Smoked rainbow trout can be enjoyed as an entree, sandwich, dip, or on crackers as an appetizer. Achieve a good smoke on rainbow trout because it is an oily fish that is high in fat. Fat absorbs the smoky flavor and does not dry out easily while being smoked. Caught in the wild, rainbow trout has tender light colored flesh and a mild nut-like flavor. Determine if the rainbow trout is caught wild or farmed when purchasing it. Farmed trout has a stronger earthy flavor different from that of fish caught in the wild.
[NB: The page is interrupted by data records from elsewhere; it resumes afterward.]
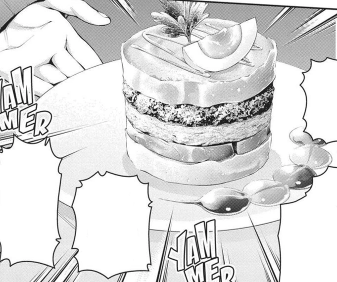 - Mushroom Mille-Feuille~Stuffed with Duxelles~ - Rindō's appetizer for the 5th Bout of the Rebels Vs. Central Régiment de Cuisine. By using formic acid which was extracted from ants, Rindō was able to astringate the rich and mellow sweet flavors of the mille-feuille. From the confit of shiitake mushrooms to the duxelles which is made of button mushrooms, shallots, garlic, butter, stock, crushed chestnuts and formic acid. It is garnished with a dark colored sauce and sliced black truffles. And when combined with Eishi Tsukasa's White Armor Plate: Sauce Chevreuil it can take the consumer to The Gourmet Eden!
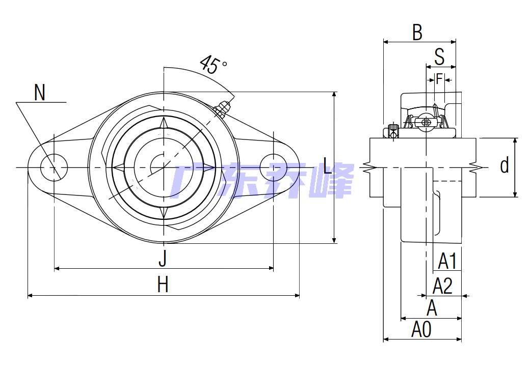軸承型號:UCFLU-1.1/2,超一流雙螺栓法蘭式軸承座,帶緊定螺釘,UCFLU型
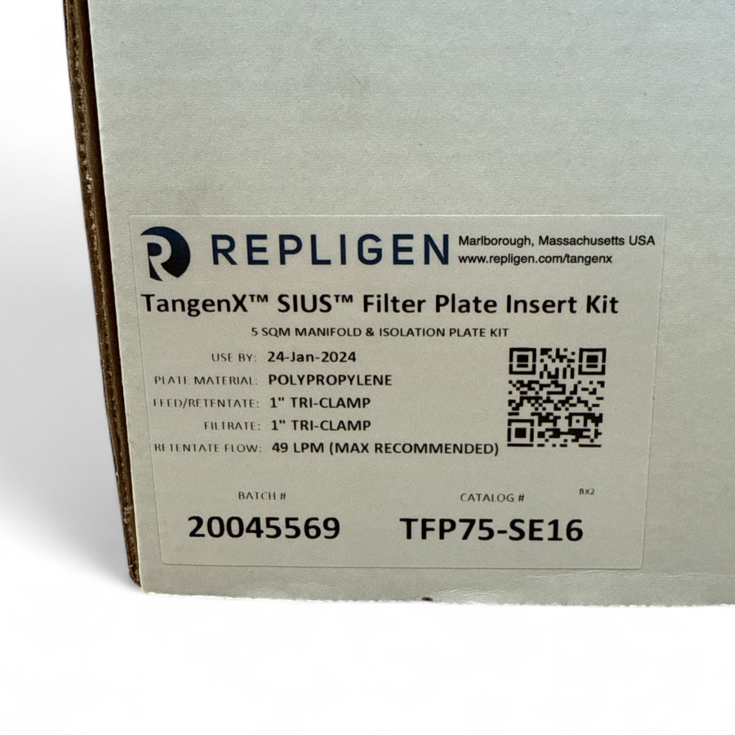 Enhance your bioprocessing system with the Repligen TangenX™ SIUS™ Filter Plate Insert Kit. Designed for 5 square meter manifold and isolation plate configurations, this single-use kit features high-quality polypropylene construction and tri-clamp connections for both feed/retentate and filtrate ports. The setup allows a maximum recommended retentate flow of 49 LPM, ensuring reliable and efficient performance in demanding filtration applications. All components are sealed in original packaging and remain unused.
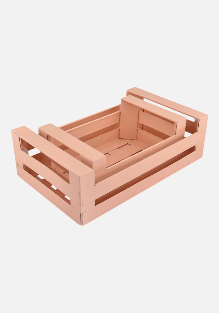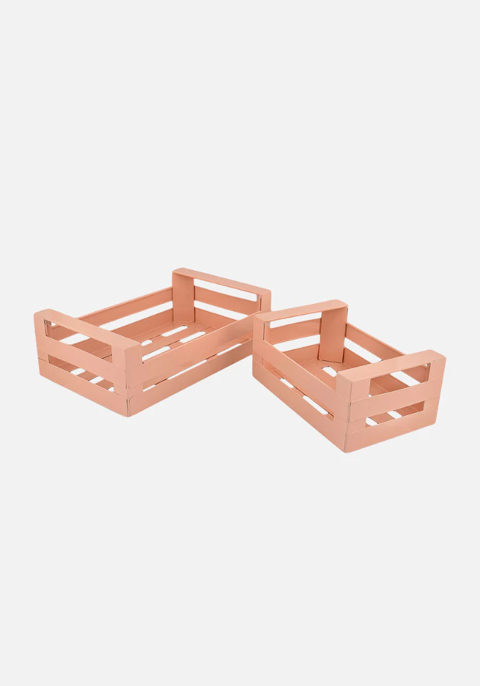 Set de deux cagettes en métal coloré rose. Une grande taille (40 × 25 × 12 cm) et une petite taille (29 × 19 × 12 cm).
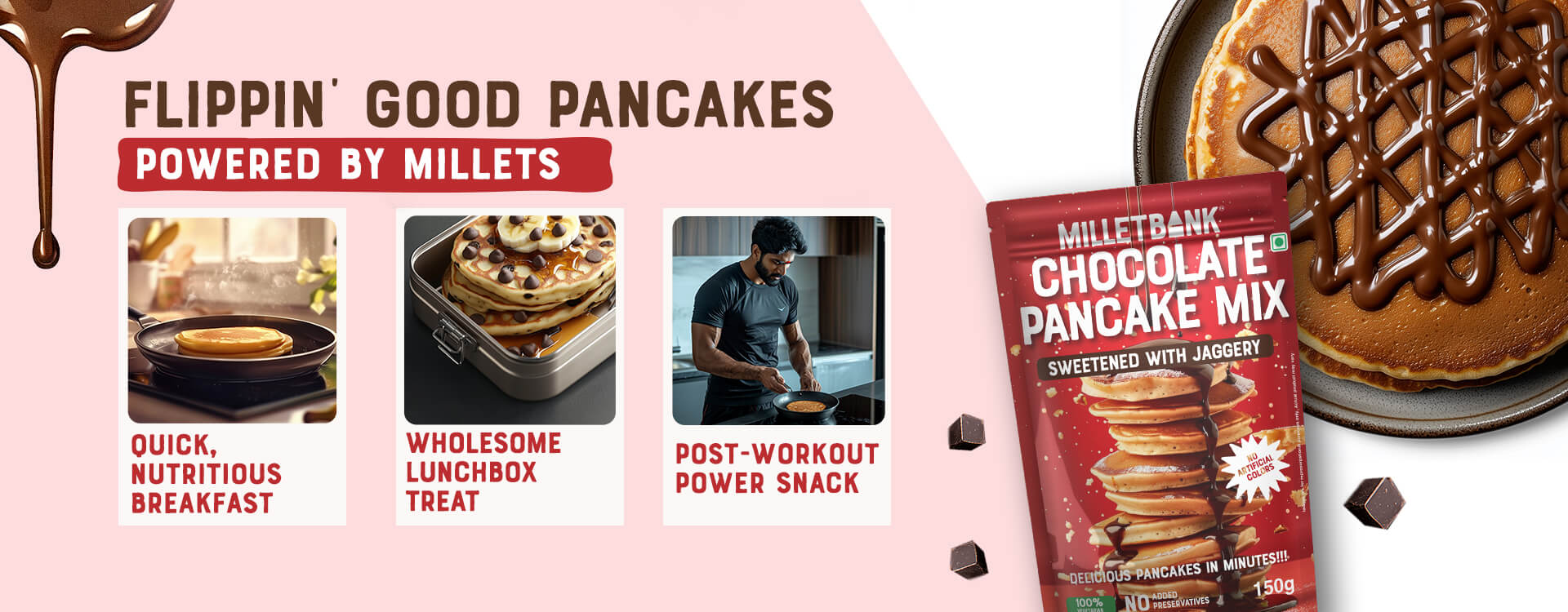 - Millet-Based Goodness: Millets are high in fiber, vitamins, and minerals, offering more nutritional value compared to regular flour-based pancake mixes.

Wash the cleaned whole rainbow trout gently in salt water to remove any unpleasant tastes. Pat the rainbow trout dry with paper towels.
Heat the smoker to approximately 150 degrees F. Use chunks of wood, approximately 3-inches square that produce a mild flavored smoke, such as alder, oak, pecan or apple.
Spread the trout open and lay on the grill. When smoking more than one make certain they are approximately 2 inches apart so the smoke can envelop all of the fish equally.
Smoke the rainbow trout for 25 to 30 minutes. This initial smoke will dry and firm up the fish for the next phase of smoking.
Raise the temperature to 225 degrees F and smoke the trout for an additional 30 minutes depending upon the size and conditions under which it is smoked.
Measure the temperature of the rainbow trout with a digital stem meat thermometer by inserting it into the interior of the fish through the underside. The fish is safe to eat when it reaches 140 degrees F. Do not allow the internal temperature to go beyond 150 degrees F because it becomes dry and the taste is affected. Remove the fish from the smoker with a pair of metal tongs and enjoy.